>>>

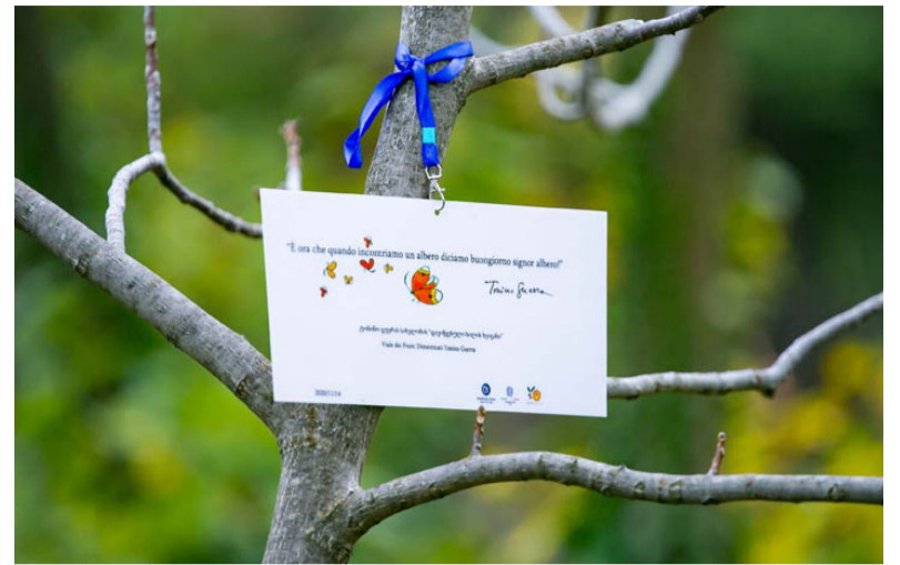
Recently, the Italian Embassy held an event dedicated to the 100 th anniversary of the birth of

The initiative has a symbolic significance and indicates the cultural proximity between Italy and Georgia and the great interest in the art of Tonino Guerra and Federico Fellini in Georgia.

<<<
>>>

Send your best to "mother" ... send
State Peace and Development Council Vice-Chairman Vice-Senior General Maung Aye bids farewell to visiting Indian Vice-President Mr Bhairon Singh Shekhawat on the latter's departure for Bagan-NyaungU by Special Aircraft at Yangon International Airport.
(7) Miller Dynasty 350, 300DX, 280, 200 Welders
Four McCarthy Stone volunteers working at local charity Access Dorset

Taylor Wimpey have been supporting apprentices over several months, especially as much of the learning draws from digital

<<<
>>>

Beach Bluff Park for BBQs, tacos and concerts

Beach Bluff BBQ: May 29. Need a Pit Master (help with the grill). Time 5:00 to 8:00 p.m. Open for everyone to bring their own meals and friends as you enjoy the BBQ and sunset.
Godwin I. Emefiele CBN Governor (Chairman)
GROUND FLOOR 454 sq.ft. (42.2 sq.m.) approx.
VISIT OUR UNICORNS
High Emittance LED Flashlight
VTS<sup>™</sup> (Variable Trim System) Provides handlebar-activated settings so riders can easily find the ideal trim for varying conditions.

<<<

Give only the lines from the one holding "(7) Miller Dynasty" through the one holding "Taylor Wimpey have", each restated exactly as it appears above.

ANSWER SPACE:
(7) Miller Dynasty 350, 300DX, 280, 200 Welders
Four McCarthy Stone volunteers working at local charity Access Dorset

Taylor Wimpey have been supporting apprentices over several months, especially as much of the learning draws from digital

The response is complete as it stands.